Recommendation systems are everywhere. We use them to buy clothes, find restaurants and choose which TV show to watch. In this blog post, I will give an overview of the underlying basic concepts, common use cases and discuss some limitations. This is the first of a series of articles about recommendation engines. Stay tuned for the follow-ups, where we will explore some of the mentioned concepts in much more detail!
Already in 2010, 60 % of watch time on Youtube came from recommendations  and personalized recommendations are said to increase conversion rates on e-commerce sites by up to 5 times . It is safe to say that if customers are presented with a nice pre-selection of products they will be less overwhelmed, more likely to consume something and have an overall better experience on the website. But how do recommendation engines work? Let's dive right in.
We first clarify a few terms, which often pop up in the context of recommendation engines.
Users, items and queries
What all recommendation systems have in common, is that they are designed to model interactions between users and items (or documents). Users are simply the people using the particular service while items can be products in an online store, content on a streaming platform or posts on social media. Viewed as an end-to-end system, recommendation engines should simply provide customized recommendations in response to a query. This query can contain information about the user and how the user interacted with other items previously, but also additional context like the time of the day or the device the user is using may also be included.
Depending on the contents of a query, a recommendation system can aim to answer different kinds of questions:
Implicit question asked
Recommendation system return
How relevant is this item to this user?
The probability, that the item is relevant or the predicted rating.

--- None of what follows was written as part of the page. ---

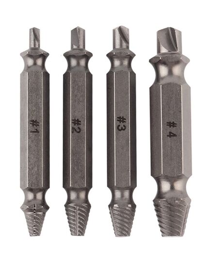 Εξαιρετικό σετ, που αποτελείται από 4 ατσάλινους εξολκείς βιδών σε διαφορετικά μεγέθη. Εφαρμόζουν σε τρυπάνι και σας επιτρέπουν να αφαιρέσετε εύκολα κατεστραμμένες ή κολλημένες βίδες των πιο δημοφιλών μεγεθών.

Which items are the most relevant to this user?
A set of items. ("You might like", "Recommended for you")
Which items are similar to this item?
A set of items. ("Because you watched X", "Frequently bought together")
The first row of this table corresponds to formulating recommendation systems as a prediction problem, while the other two rows frame it as a ranking problem. By predicting all possible interactions between users and items it becomes trivial to also rank them. However, it is not necessary to do this and may even be infeasible with large corpora of items.
If you want to include a recommendation engine in your website, it might make sense to provide different recommendations at different places. On the start page general recommendations based on past user behaviour are well placed, while on the checkout page a selection of items which supplement the ones in your cart.
The pieces of a recommendation system
Viewed as an end-to-end system, the goal of a recommendation system is simply to put out the most relevant items to a given query. But in particular when there is a large pool of items available, it makes sense to split this process into 3 steps:
Candidate Generation: A first selection of potentially relevant items is selected. From the ML perspective, this is the most interesting part.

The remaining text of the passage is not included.